### Problem requirements
Using the records below, copy exactly the part that opens with the line holding "With paper DGDs, suppliers" and closes with the line holding "Buying a GM", minus the pictures.

### Data extract
==*==

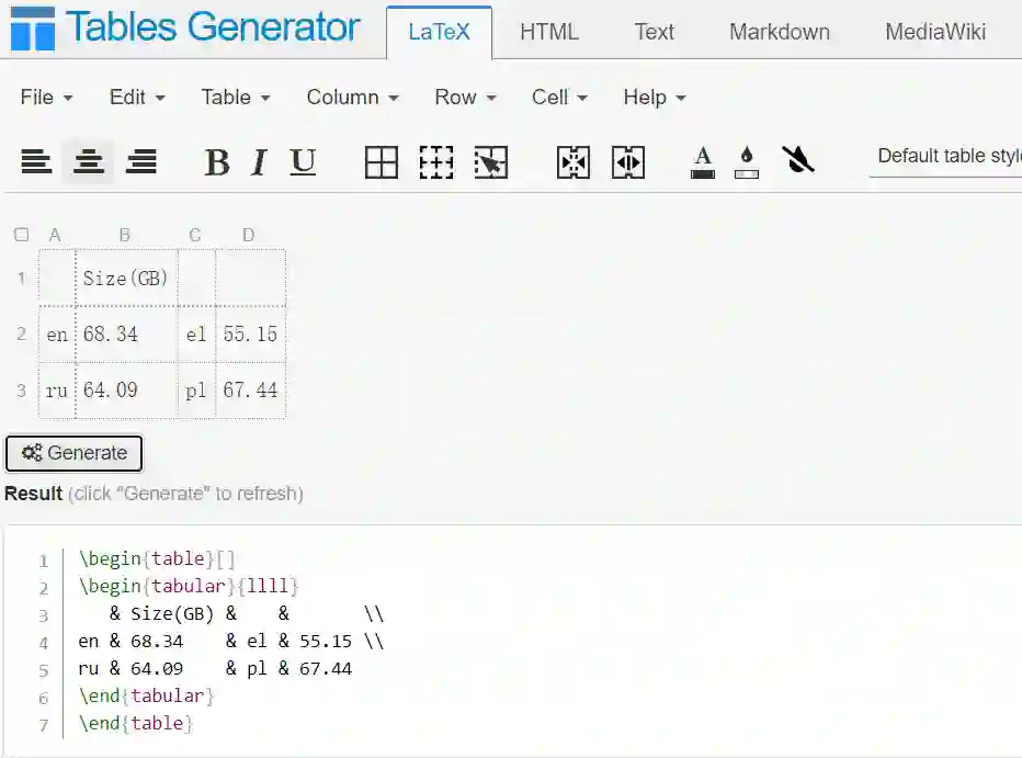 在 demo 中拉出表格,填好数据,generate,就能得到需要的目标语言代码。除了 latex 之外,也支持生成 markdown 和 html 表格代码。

==*==

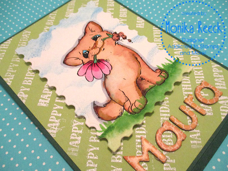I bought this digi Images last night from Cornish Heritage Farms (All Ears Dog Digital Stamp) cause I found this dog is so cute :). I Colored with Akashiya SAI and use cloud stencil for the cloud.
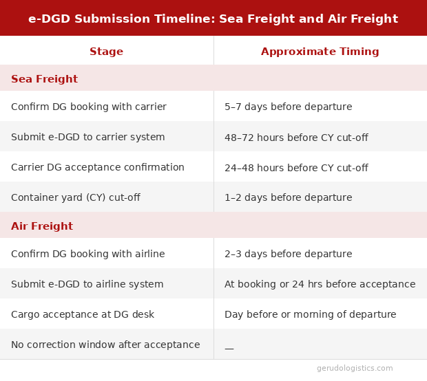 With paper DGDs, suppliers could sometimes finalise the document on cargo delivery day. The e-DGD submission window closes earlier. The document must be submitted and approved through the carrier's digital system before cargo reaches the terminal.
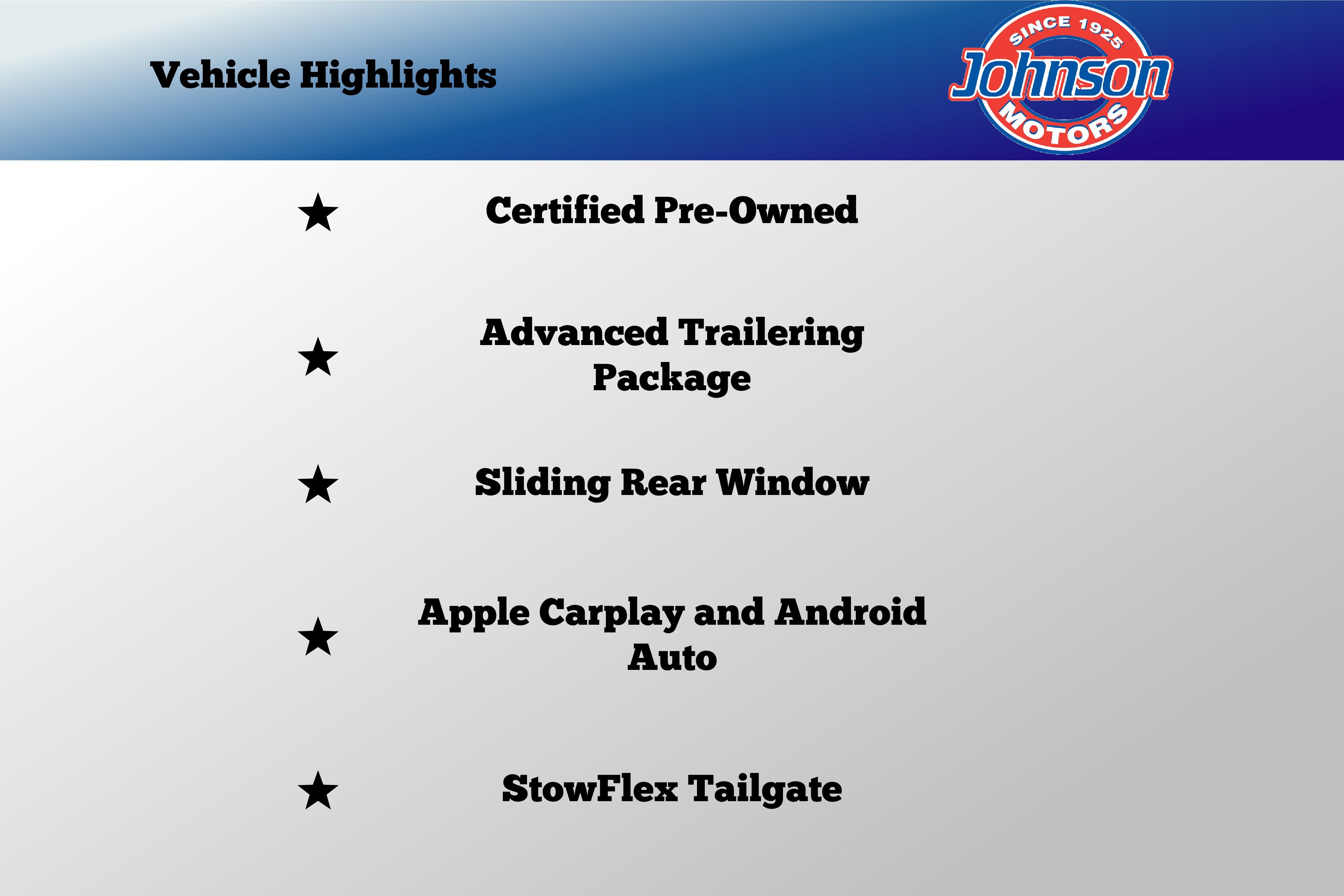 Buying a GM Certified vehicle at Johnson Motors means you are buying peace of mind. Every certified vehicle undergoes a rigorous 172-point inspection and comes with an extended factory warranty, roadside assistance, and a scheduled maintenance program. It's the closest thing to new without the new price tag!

==*==

### Response to this exercise
 With paper DGDs, suppliers could sometimes finalise the document on cargo delivery day. The e-DGD submission window closes earlier. The document must be submitted and approved through the carrier's digital system before cargo reaches the terminal.
 Buying a GM Certified vehicle at Johnson Motors means you are buying peace of mind. Every certified vehicle undergoes a rigorous 172-point inspection and comes with an extended factory warranty, roadside assistance, and a scheduled maintenance program. It's the closest thing to new without the new price tag!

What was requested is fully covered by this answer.